The ASX200 (ASX: XJO) has been on a tear this year. Even with today’s steep decline, the ASX 200 is still up 15.3% which doesn’t even include the dividends.
However, the issues facing the ASX200 could soon see some of those returns reversed.
The trade war could see Chinese demand for commodities fall and hurt the share prices of BHP Group Ltd (ASX: BHP) and Rio Tinto Limited (ASX: RIO).
Falling investor confidence could see people exit out of those really expensive ASX growth shares like WiseTech Global Ltd (ASX: WTC), Appen Ltd (ASX: APX) and Pro Medicus Limited (ASX: PME).
Indeed, we could see many of the popular shares this year underperform. So where are investors supposed to look? Well, cash and gold are often seen as safe havens, but gold doesn’t appeal to me and the returns of cash are minimal – the only attraction would be capital preservation.
I think the answer could be to invest in shares that can grow over the long-term that offer returns quite alternative to the general share market.
One of my main ideas along this line of thinking is Duxton Water Ltd (ASX: D2O), a company that purely owns water entitlements. The dry weather conditions have sent up water prices and Duxton Water’s net asset value (NAV) per share. Over the past year the combined performance of the NAV and dividend has been almost 22% from Duxton Water.
However, a sizeable discount to the underlying NAV has opened up. The current discount is 12% to the post-tax NAV and a 20% discount to the pre-tax NAV.

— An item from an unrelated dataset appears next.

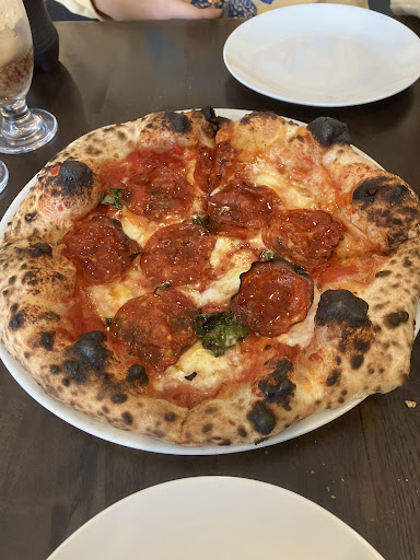 The pizza. Lets talk about the pizza. I ordered the Hot Honey pie (I’m a sucker for hot honey). The pie came with spicy soppressata, which was such a fantastic addition. Again, fresh fresh fresh ingredients. Everything is clearly imported from the motherland and it adds so much depth and quality to the pizza. The cook on it was magical. The char and bitterness of the dough mixed with the sweetness of the hot honey and soppressata. When finished, I was given the ultimate sign of a great pizza place - blackened fingers, due to how well the pizza is cooked. Casuals will call it “burnt” but real pizza lovers know how much a quality char can add to a pizza. I was honestly blown away by how damn good the pizza was.

I’m always open to buying assets at an attractive discount. I also like that Duxton Water is targeting a growing dividend, as long as it’s supported by the cashflow of the business. It currently offers a forward grossed-up dividend yield of 5.7%.
Whilst a wet year would be the best time to buy shares, this is a fairly good time to buy shares in my opinion due to the growing discount to the underlying assets.
Other shares that could beat the ASX200 over the next 12 months and beyond are these leading defensive winners.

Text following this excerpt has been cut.